Work task:
Beginning with the line where "坚持推进安全至上,全面开展线" appears, restate the lines word for word through the last one in the listing.

Data shown:
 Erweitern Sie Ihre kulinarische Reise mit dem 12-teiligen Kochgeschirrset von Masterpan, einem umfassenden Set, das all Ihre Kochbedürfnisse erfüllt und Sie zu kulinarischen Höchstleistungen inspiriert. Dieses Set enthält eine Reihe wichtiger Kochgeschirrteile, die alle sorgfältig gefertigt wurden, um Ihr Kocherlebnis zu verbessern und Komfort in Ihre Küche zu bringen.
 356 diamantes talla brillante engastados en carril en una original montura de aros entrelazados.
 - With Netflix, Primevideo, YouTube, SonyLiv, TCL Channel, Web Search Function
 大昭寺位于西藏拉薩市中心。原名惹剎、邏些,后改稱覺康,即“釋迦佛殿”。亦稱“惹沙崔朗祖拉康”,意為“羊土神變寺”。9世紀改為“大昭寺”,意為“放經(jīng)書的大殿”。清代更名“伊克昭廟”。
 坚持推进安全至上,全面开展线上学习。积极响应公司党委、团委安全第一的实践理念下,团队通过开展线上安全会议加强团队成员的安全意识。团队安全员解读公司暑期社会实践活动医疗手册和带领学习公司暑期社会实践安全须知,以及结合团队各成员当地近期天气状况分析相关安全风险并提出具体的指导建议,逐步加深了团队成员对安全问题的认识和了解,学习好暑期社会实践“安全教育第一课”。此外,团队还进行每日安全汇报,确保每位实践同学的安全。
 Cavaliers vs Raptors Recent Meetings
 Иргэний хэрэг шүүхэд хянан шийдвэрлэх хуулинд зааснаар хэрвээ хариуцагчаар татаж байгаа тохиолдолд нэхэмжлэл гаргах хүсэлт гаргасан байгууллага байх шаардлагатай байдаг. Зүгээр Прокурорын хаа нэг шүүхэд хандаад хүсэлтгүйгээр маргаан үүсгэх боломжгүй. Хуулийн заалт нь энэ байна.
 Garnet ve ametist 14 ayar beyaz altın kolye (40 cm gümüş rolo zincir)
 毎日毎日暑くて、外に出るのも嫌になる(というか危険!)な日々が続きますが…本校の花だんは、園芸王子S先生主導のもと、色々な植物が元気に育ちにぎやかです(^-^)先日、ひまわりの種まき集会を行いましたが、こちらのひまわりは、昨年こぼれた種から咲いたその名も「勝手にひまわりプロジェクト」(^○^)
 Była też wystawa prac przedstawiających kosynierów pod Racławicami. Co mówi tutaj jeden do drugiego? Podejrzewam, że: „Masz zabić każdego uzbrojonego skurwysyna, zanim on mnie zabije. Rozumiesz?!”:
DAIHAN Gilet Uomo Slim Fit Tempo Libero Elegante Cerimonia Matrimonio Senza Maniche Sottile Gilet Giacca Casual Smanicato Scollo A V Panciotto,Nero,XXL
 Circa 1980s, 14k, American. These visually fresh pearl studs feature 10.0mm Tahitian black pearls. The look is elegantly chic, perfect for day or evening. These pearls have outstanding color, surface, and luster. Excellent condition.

Written reply:
 坚持推进安全至上,全面开展线上学习。积极响应公司党委、团委安全第一的实践理念下,团队通过开展线上安全会议加强团队成员的安全意识。团队安全员解读公司暑期社会实践活动医疗手册和带领学习公司暑期社会实践安全须知,以及结合团队各成员当地近期天气状况分析相关安全风险并提出具体的指导建议,逐步加深了团队成员对安全问题的认识和了解,学习好暑期社会实践“安全教育第一课”。此外,团队还进行每日安全汇报,确保每位实践同学的安全。
 Cavaliers vs Raptors Recent Meetings
 Иргэний хэрэг шүүхэд хянан шийдвэрлэх хуулинд зааснаар хэрвээ хариуцагчаар татаж байгаа тохиолдолд нэхэмжлэл гаргах хүсэлт гаргасан байгууллага байх шаардлагатай байдаг. Зүгээр Прокурорын хаа нэг шүүхэд хандаад хүсэлтгүйгээр маргаан үүсгэх боломжгүй. Хуулийн заалт нь энэ байна.
 Garnet ve ametist 14 ayar beyaz altın kolye (40 cm gümüş rolo zincir)
 毎日毎日暑くて、外に出るのも嫌になる(というか危険!)な日々が続きますが…本校の花だんは、園芸王子S先生主導のもと、色々な植物が元気に育ちにぎやかです(^-^)先日、ひまわりの種まき集会を行いましたが、こちらのひまわりは、昨年こぼれた種から咲いたその名も「勝手にひまわりプロジェクト」(^○^)
 Była też wystawa prac przedstawiających kosynierów pod Racławicami. Co mówi tutaj jeden do drugiego? Podejrzewam, że: „Masz zabić każdego uzbrojonego skurwysyna, zanim on mnie zabije. Rozumiesz?!”:
DAIHAN Gilet Uomo Slim Fit Tempo Libero Elegante Cerimonia Matrimonio Senza Maniche Sottile Gilet Giacca Casual Smanicato Scollo A V Panciotto,Nero,XXL
 Circa 1980s, 14k, American. These visually fresh pearl studs feature 10.0mm Tahitian black pearls. The look is elegantly chic, perfect for day or evening. These pearls have outstanding color, surface, and luster. Excellent condition.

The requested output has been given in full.